* _Exercise details_: From the top of the entries, reproduce each line exactly, stopping after the line that contains "Poudre Toadstools Velvet". Omit pictures.

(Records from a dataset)
Start of Block

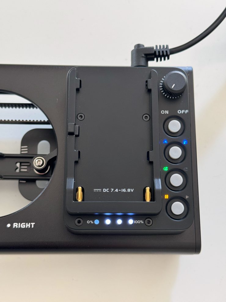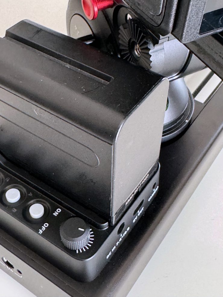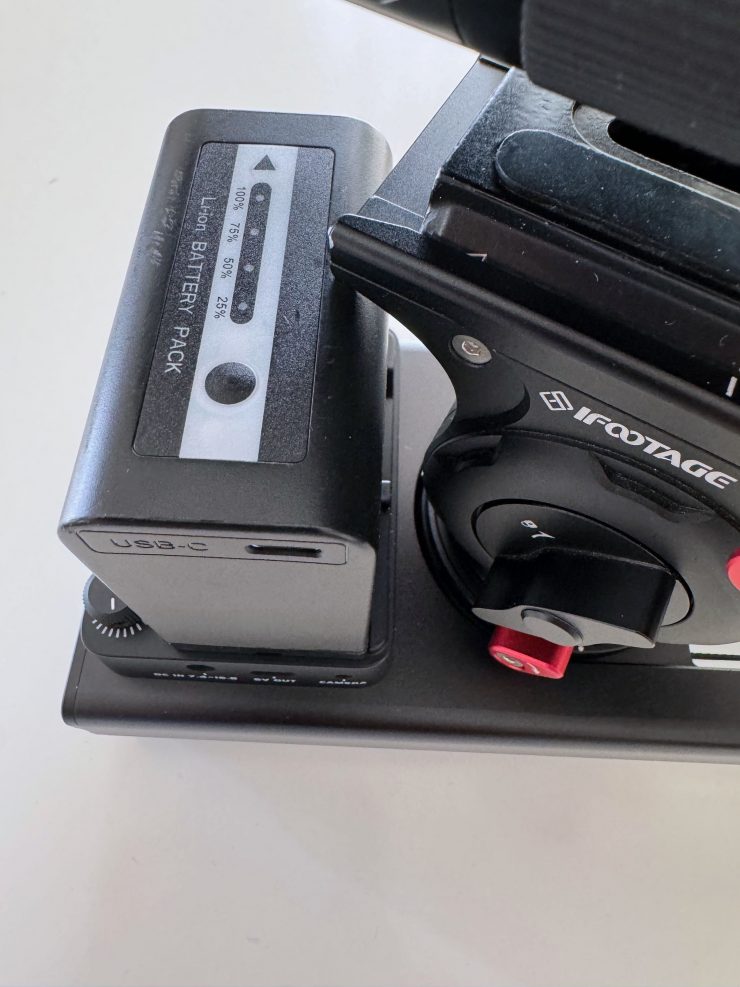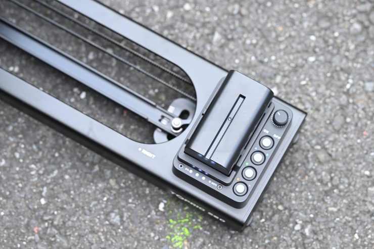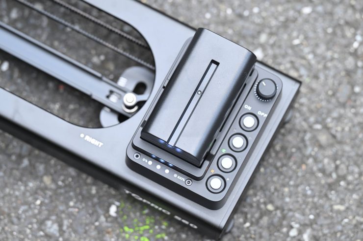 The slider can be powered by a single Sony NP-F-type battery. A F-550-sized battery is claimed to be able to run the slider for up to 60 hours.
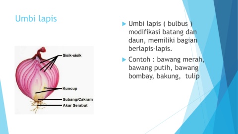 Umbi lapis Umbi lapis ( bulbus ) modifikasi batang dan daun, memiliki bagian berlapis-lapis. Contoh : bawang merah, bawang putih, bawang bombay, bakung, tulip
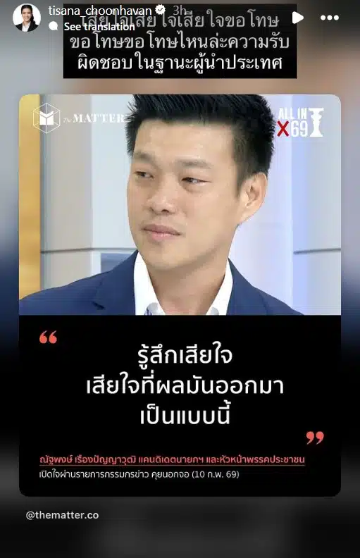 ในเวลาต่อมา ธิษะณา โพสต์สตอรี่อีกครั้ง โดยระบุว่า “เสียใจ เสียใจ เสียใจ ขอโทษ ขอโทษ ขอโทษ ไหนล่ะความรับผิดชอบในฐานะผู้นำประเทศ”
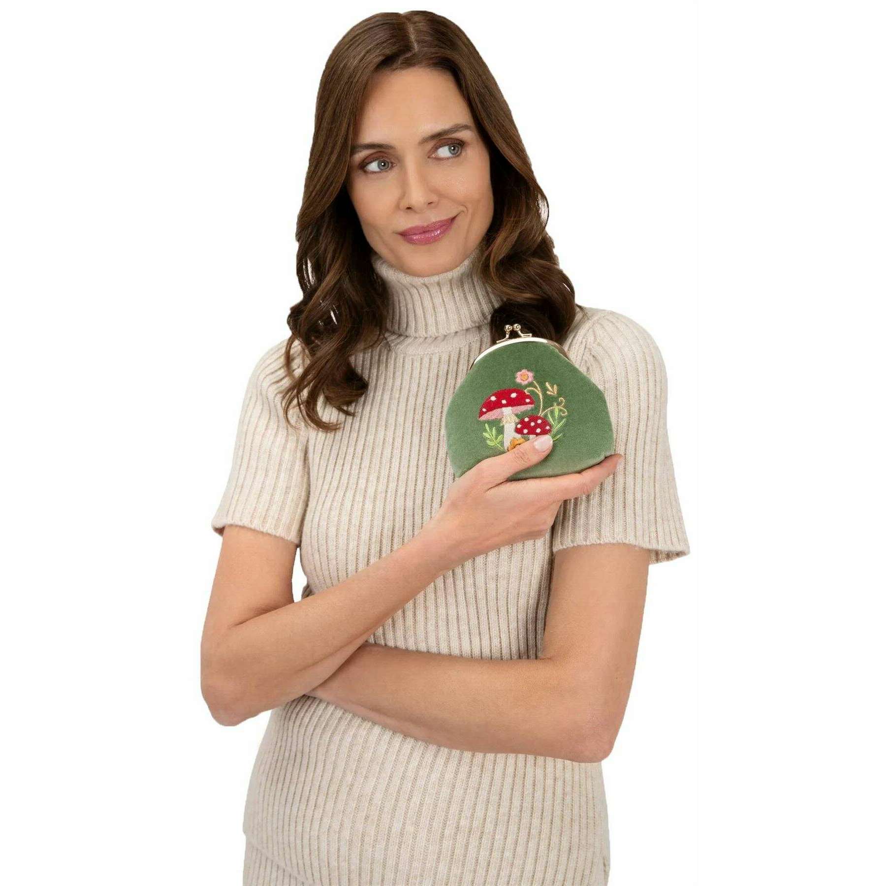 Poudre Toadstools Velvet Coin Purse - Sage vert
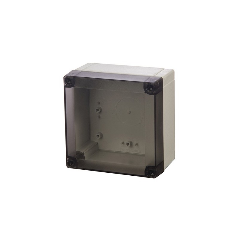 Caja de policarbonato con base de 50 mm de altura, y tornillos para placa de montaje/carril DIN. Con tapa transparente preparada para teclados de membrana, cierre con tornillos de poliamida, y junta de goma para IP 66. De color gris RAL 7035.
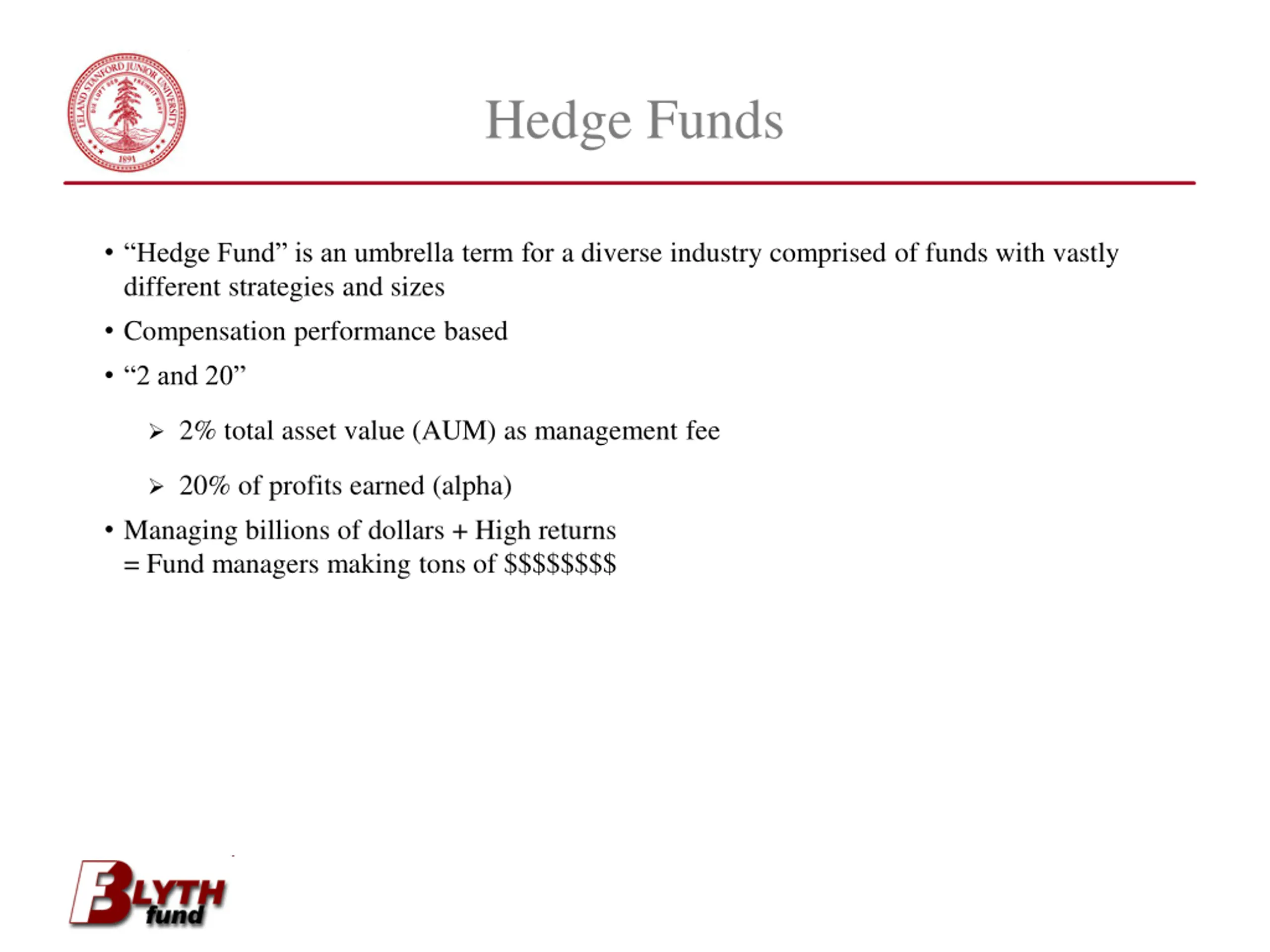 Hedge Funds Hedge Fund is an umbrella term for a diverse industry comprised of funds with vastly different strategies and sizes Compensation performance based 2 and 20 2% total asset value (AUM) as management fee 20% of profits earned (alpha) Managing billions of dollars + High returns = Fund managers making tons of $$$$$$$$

End of Block

* _Answer to this problem_:
 The slider can be powered by a single Sony NP-F-type battery. A F-550-sized battery is claimed to be able to run the slider for up to 60 hours.
 Umbi lapis Umbi lapis ( bulbus ) modifikasi batang dan daun, memiliki bagian berlapis-lapis. Contoh : bawang merah, bawang putih, bawang bombay, bakung, tulip
 ในเวลาต่อมา ธิษะณา โพสต์สตอรี่อีกครั้ง โดยระบุว่า “เสียใจ เสียใจ เสียใจ ขอโทษ ขอโทษ ขอโทษ ไหนล่ะความรับผิดชอบในฐานะผู้นำประเทศ”
 Poudre Toadstools Velvet Coin Purse - Sage vert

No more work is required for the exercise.